Roles for Intrinsic Disorder in Hox Proteins—Much of the nonhomeodomain sequence of UbxIb is intrinsically disordered. We have demonstrated that this disorder is important for Ubx function, leading to the expectation is that this feature should be conserved across multiple species. Indeed, we find that a small disordered region predicted near the N terminus is conserved in insects and crustaceans (last common ancestor 400 million years ago), and a very large disordered region near the middle of the protein is additionally predicted to be conserved in arthropods (540 million years of evolution) (Fig. 7) (75, 76), although the corresponding amino acid sequences of Hox orthologues are surprisingly divergent. For comparison, humans last shared an ancestor with chimpanzees ∼5–7 million years ago and with fish ∼450 million years ago (82). This conservation suggests that the intrinsically disordered regions N-terminal to the YPWM motif must be crucial for Ubx function. Consistent with this hypothesis, we also find disordered regions in the other seven Drosophila Hox proteins (Fig. 6). Therefore, sequence conservation in Ubx occurs at three levels of stringency: (i) the highly homologous homeodomain, (ii) the more weakly conserved motifs, and (iii) the preservation of disordered character but not amino acid sequence. This conservation may provide some balance in Hox protein evolution, preserving regulation and patterning in crucial core structures (e.g. the central nervous system, muscle, and gut) while still permitting evolution of new morphologies and body plans.

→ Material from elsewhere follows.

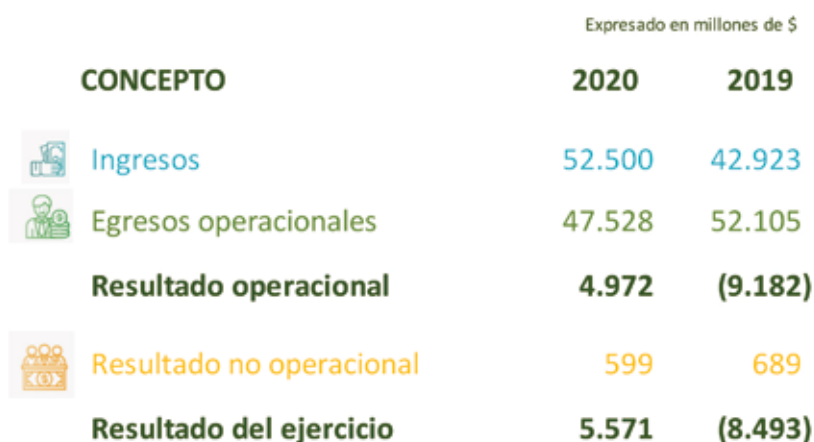
Tabla 3. Estado de resultados integrales de la cuenta de Fondo de Fomento Palmero.

En 2020, el resultado neto del ejercicio de la cuenta FEP Palmero aumentó 129 % respecto al año anterior, sin embargo, este está afectado por la temporalidad del movimiento de cesiones y compensaciones, las cuales disminuyeron respecto a 2019.

In UbxIb, much of the observed disorder is found in the microexon region and the activation domain. Activation domains are frequently intrinsically disordered, a feature that may aid their interaction with general transcription factors (83, 84). Likewise, the frequent disorder in alternatively spliced regions is also likely to be necessary for protein interactions (85). Therefore, multiple protein interactions relying on disorder may be required for Ubx to regulate transcription as well as to communicate with other cell-regulatory systems. In support of this hypothesis, Ubx has been found to bind a surprisingly high number of proteins in yeast and in vitro, many of which can modify Ubx function in vivo (20, 21).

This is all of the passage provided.